The formal statement of the distributive law should read as follows:
If a, b, c and d are numbers, or algebraic expressions (same thing really) and b = c + d then ab = ac + ad
It is a by-product of the law that it tells you how to expand an expression with a bracketed factor.
In any case, what’s the big deal ?
Here is another horror which I found recently:
The distributive law of addition: a(b + c) = ab + ac (OK, it’s a definition)
The current school math explanation:
You take the a and distribute it to the b to get ab
and then you distribute the a to the c to get ac
and then you add them together to get ab + ac
I have come across this explanation in several places, and once again real damage is done to the language, and real confusion sown. “Distribute” means “to spread or share out” as in “The Arts Council distributed its funds unevenly, as usual. Opera got the lion’s share.” So it is NOT the a that is distributed. I tried to find a definition of the term in wordy form as it applies to algebra systems but failed. Heavy thinking produced the “answer”. What is being distributed is the second factor on the left.
Take 3 x 7. We know that the value of this is 21
Distribute, or spread out, the 7 as 2 + 5 . . . . . . . . the b + c
Then 3 x (2 + 5) has the value 21
But so does 3 x 2 + 3 x 5. To check, get out the blocks !
So 3 x (2 + 5) = 3 x 2 + 3 x 5 ……… The Law !

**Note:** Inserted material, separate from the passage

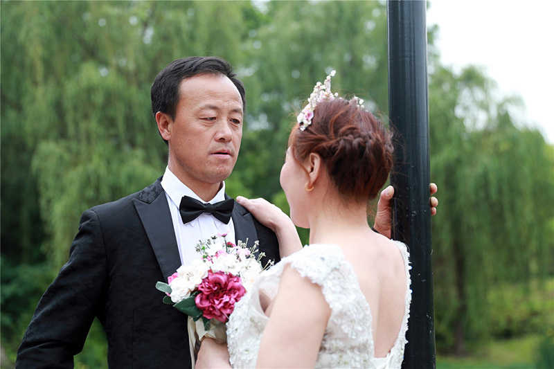 Una pareja prueba diferentes poses en la sesión de fotos. Gracias a un programa patrocinado por el Centro de Servicio de Yangpu, un total de 50 parejas del distrito Yangpu, en Shanghai, que laboran en servicios comunales, podrán hacerse fotos matrimoniales. Este programa tiene como objetivo expresar la gratitud de la ciudad por sus trabajadores comunales. [Foto: Bo Kelin/ Chinadaily.com.cn]

Regarding the “second” version of the distributive property, a(b – c) = ab – ac, this cannot just be stated, and you won’t find it in any abstract algebra texts. Since the students are looking at this before they have encountered the signed number system, a proof must not involve negative numbers, as a, b and c are all natural numbers. It can be done, and here it is:
set b – c equal to w (why not!)
then b = c + w
multiply both sides by a
ab = a(c + w)
expand the right hand side by the distributive law
ab = ac + aw
subtract ac from both sides
ab – ac = aw
replace w by b – c, and then
ab – ac = a(b – c)